- Task item:
Only the lines from the one with "改札口を出て右側へ、「エスフ" to the end of the data, both ends included, should be output, exactly as they stand and without pictures.

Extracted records
━━━━━━━━━━━━━━━━━━━━

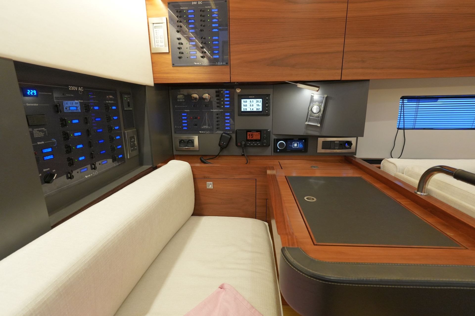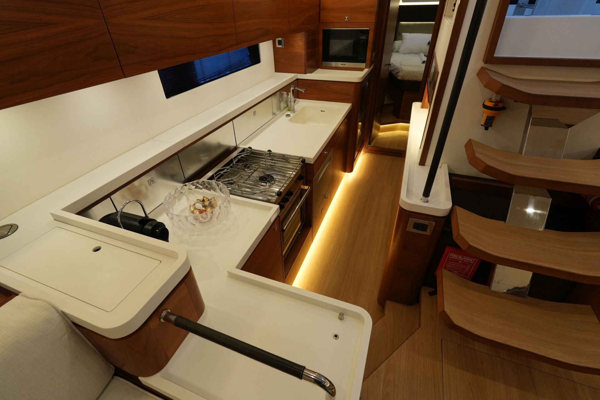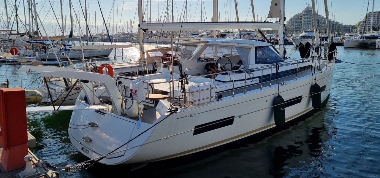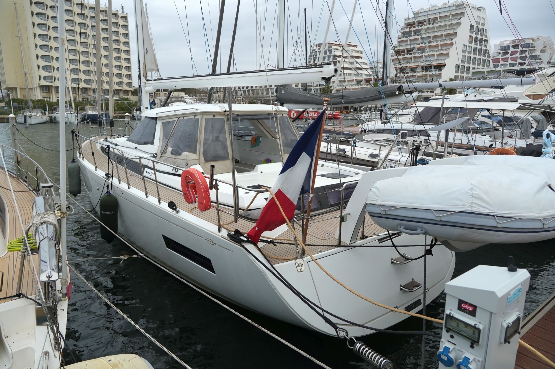 Hervorragend zur weltweiten Fahrt ausgestattete Eigneryacht. Umfangreiche Spezifikation inkl. Dieselgenerator 8 KW, Watermaker, Klimaanlage, Waschmaschine, elektrische Winschen, elektrische Davits inkl. 3,10 m Dinghy, STARLINK Internet-Satellitenantenne usw. Größere Maschine VOLVO PENTA D3-150 mit stärkerer Welle 45 mm und VARIFOLD Faltpropeller. Dank elektrischer Genuarollanlage, Selbstwendefock mit elektrischer Rollanlage und elektrischem Rollgroß inkl. elektrischem Unterliekstrecker ist diese AMEL 50 einhandtauglich. Moderner, exklusiver Ausbau in seidenmatt lackierter Amerikanischer Walnuß mit weiß bespannten Paneelen, hellen laminierten Bodenbrettern und zahlreichen Lederapplikationen. Die AMEL 50 liegt segelfertig in der Camargue, ist kurzfristig lieferbar und kann jederzeit nach Absprache besichtigt werden.
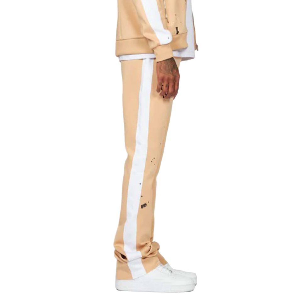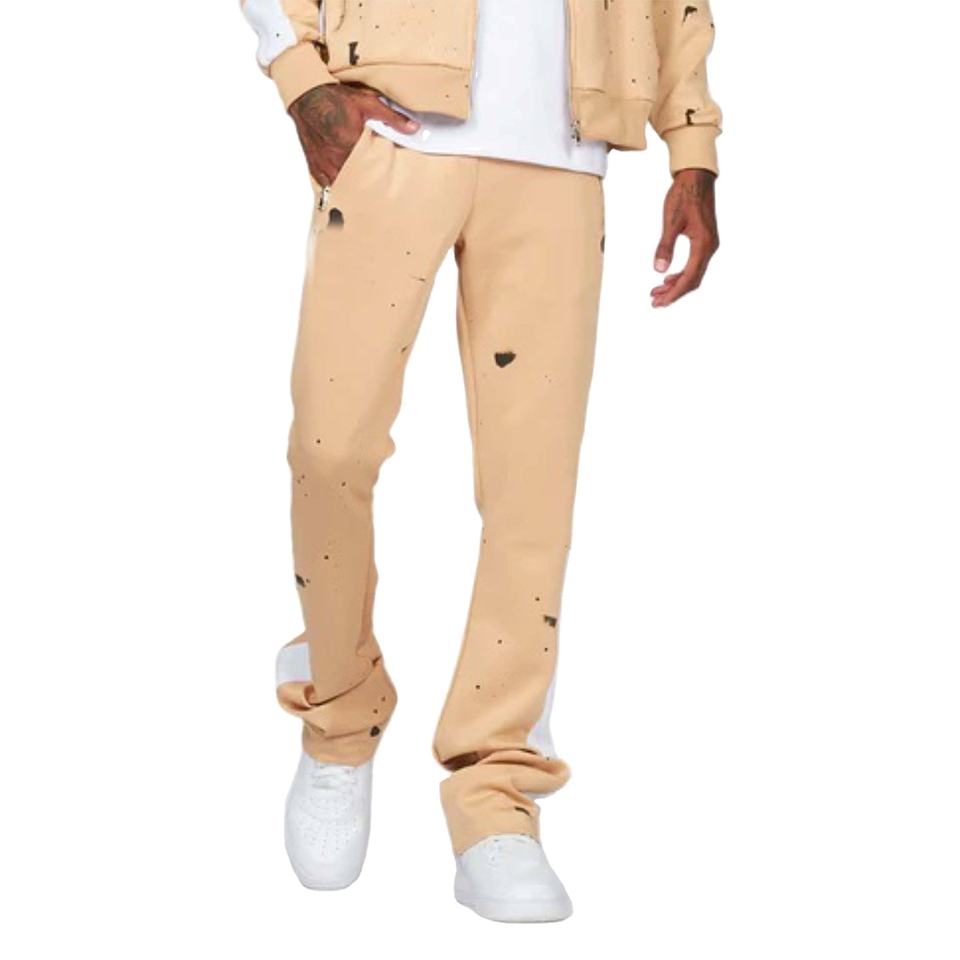 ชุดวอร์มสำหรับผู้ชายเสื้อแจ็กเก็ตและกางเกงแนวสตรีทแบบมีซิปเครื่องแต่งกายสองชิ้นแฟชั่นลำลองพิมพ์ลายทางด้านข้าง
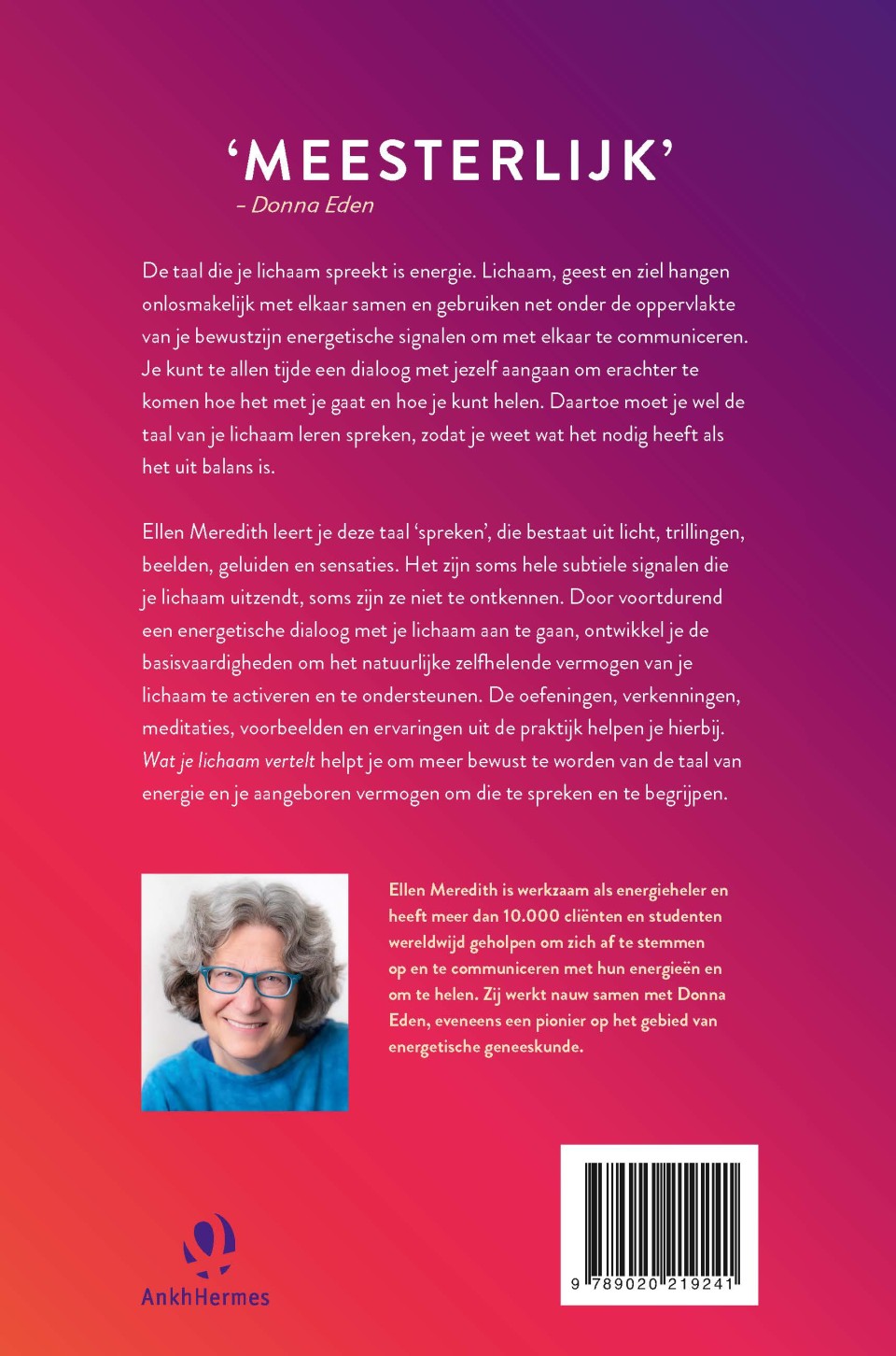 Ellen Meredith leert je deze taal ‘spreken’, die bestaat uit licht, trillingen, beelden, geluiden en sensaties. Het zijn soms hele subtiele signalen die je lichaam uitzendt. Door voortdurend een ‘energetische dialoog’ met je lichaam aan te gaan, ontwikkel je de basisvaardigheden om het natuurlijke zelfhelende vermogen van je lichaam te activeren en te ondersteunen. De oefeningen, verkenningen, meditaties, voorbeelden en ervaringen uit de praktijk helpen je hierbij. Wat je lichaam vertelt helpt je om meer bewust te worden van de taal van energie en je aangeboren vermogen om die te spreken en te begrijpen.
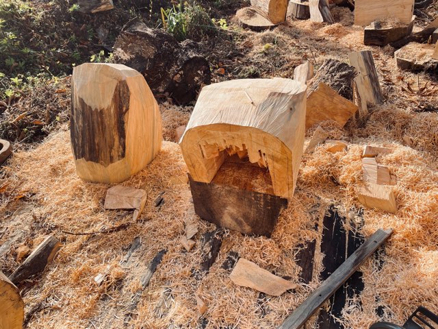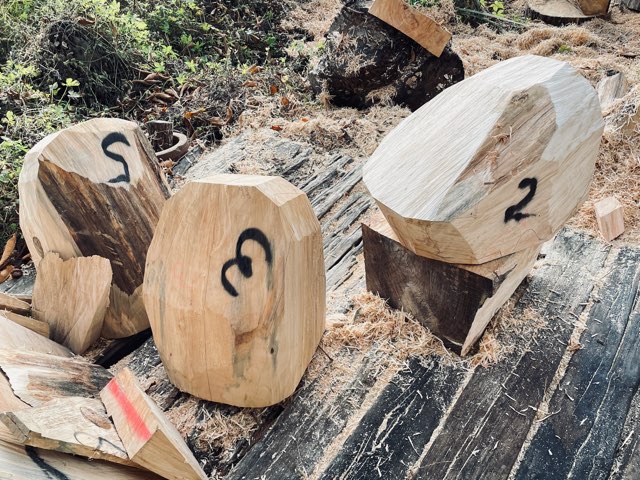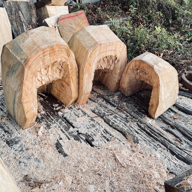 仕事。その木塊から外側のフォルムを形どり、内部を削り軽くしてから本格的な彫刻のスタートとなる。それを
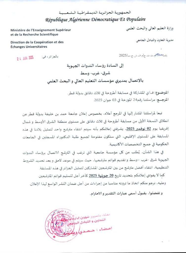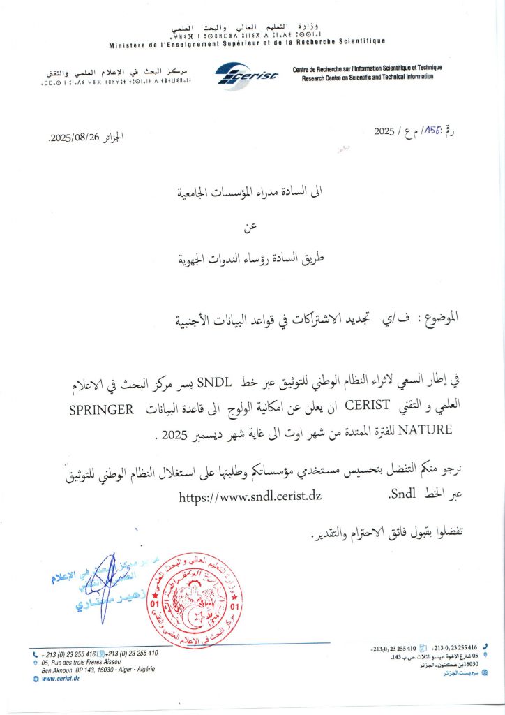 في إطار إثراء النظام الوطني للتوثيق عبر الخط SNL، يشرفنا إعلام جميع الأساتذة الباحثين وطلبة الدكتوراه أنّه يمكنهم الولوج إلى قواعد البيانات الأجنبية، وعلى وجه الخصوص قاعدة البيانات SPRINGER NATURE وذلك ابتداءً من شهر أوت إلى غاية شهر ديسمبر 2025. وعليه ندعو كافة الأساتذة الباحثين وطلبة الدكتوراه إلى استغلال هذه الخدمة الهامة عبر الرابط التالي: https://www.sndl.cerist.dz مع متمنياتنا بالتوفيق للجميع.
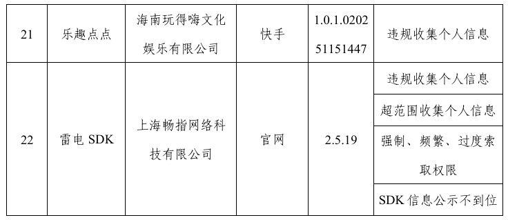 飛象網(wǎng)訊(致新/文)1月9日消息,工信部近期組織第三方檢測(cè)機(jī)構(gòu)進(jìn)行抽查,共發(fā)現(xiàn)22款A(yù)PP及SDK存在侵害用戶(hù)權(quán)益行為,并予以通報(bào)。上述APP及SDK應(yīng)按有關(guān)規(guī)定進(jìn)行整改,整改落實(shí)不到位的,工信部將依法依規(guī)組織開(kāi)展相關(guān)處置工作。
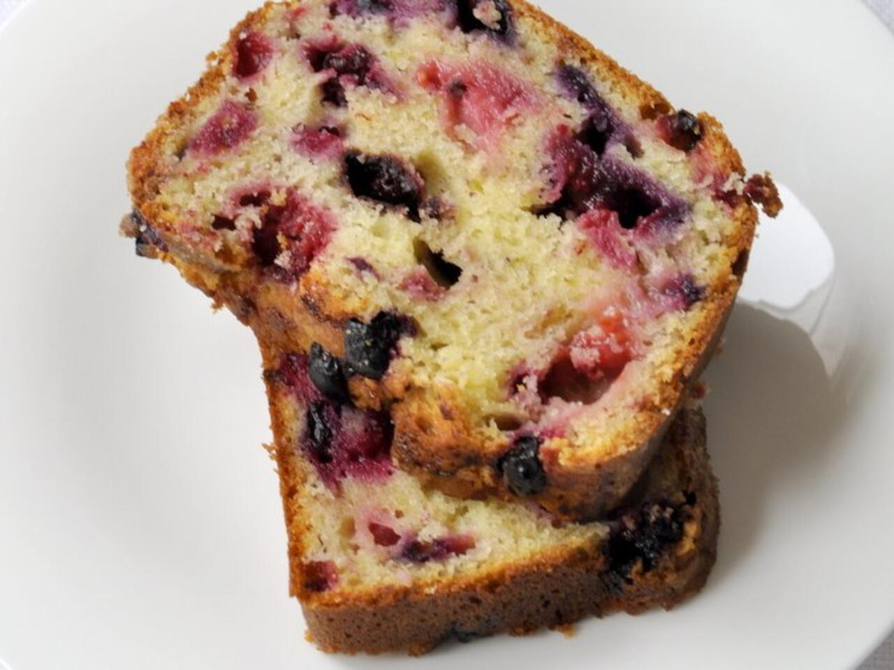 Ajoutez les fruits rouges, mélangez bien et versez la pâte dans un moule à cake légèrement huilé.
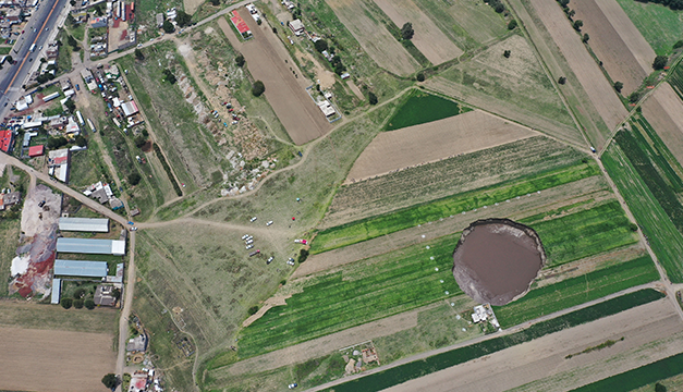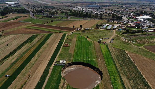 El socavón que desde la semana pasada crece decenas de metros diariamente tiene preocupados a los habitantes de una zona rural del estado mexicano de Puebla (centro).
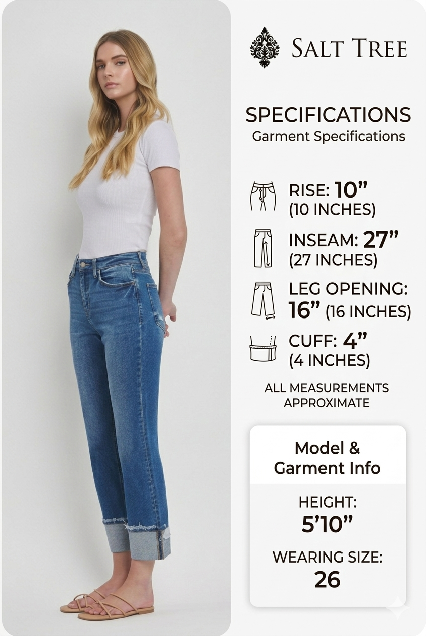 Description: Effortlessly blend vintage charm with modern edge in Vervet's High-Rise Cuffed Straight Jeans in the vibrant medium-blue wash "Daphne." These jeans are defined by a bold 4-inch single cuff hem with raw-edge detailing, adding a structured and trendy finish to the classic straight-leg silhouette. Subtle distressed detailing near the pockets and authentic whiskering at the hips provide a premium, lived-in aesthetic. Perfect for showcasing your favorite footwear, these cropped straight jeans are a versatile addition to any forward-thinking wardrobe.
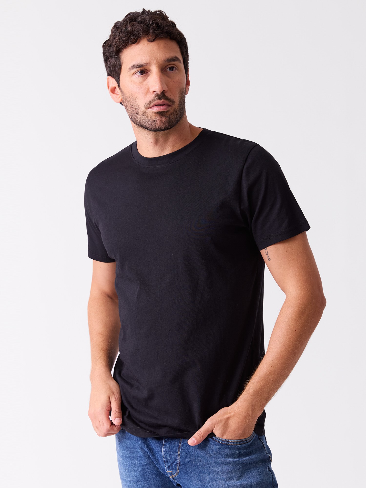 T-skjorte i supima-bomull som er en type slitesterk kvalitets-bomull som krymper mindre enn vanlig bomull. T-skjorten har rund hals, kort erm og normal passform.
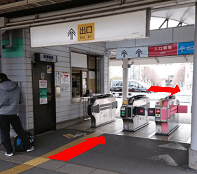改札口を出て右側へ、「エスフォルタアリーナ八王子(面接会場)」がすぐ目の前に見えます
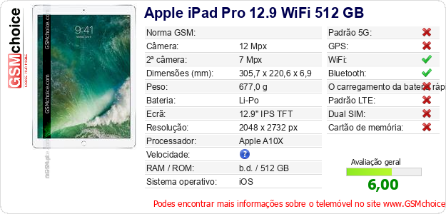 Dados sobre o telemóvel Apple iPad Pro 12.9 WiFi 512 GB na sua página

━━━━━━━━━━━━━━━━━━━━

- Answer box:
改札口を出て右側へ、「エスフォルタアリーナ八王子(面接会場)」がすぐ目の前に見えます
 Dados sobre o telemóvel Apple iPad Pro 12.9 WiFi 512 GB na sua página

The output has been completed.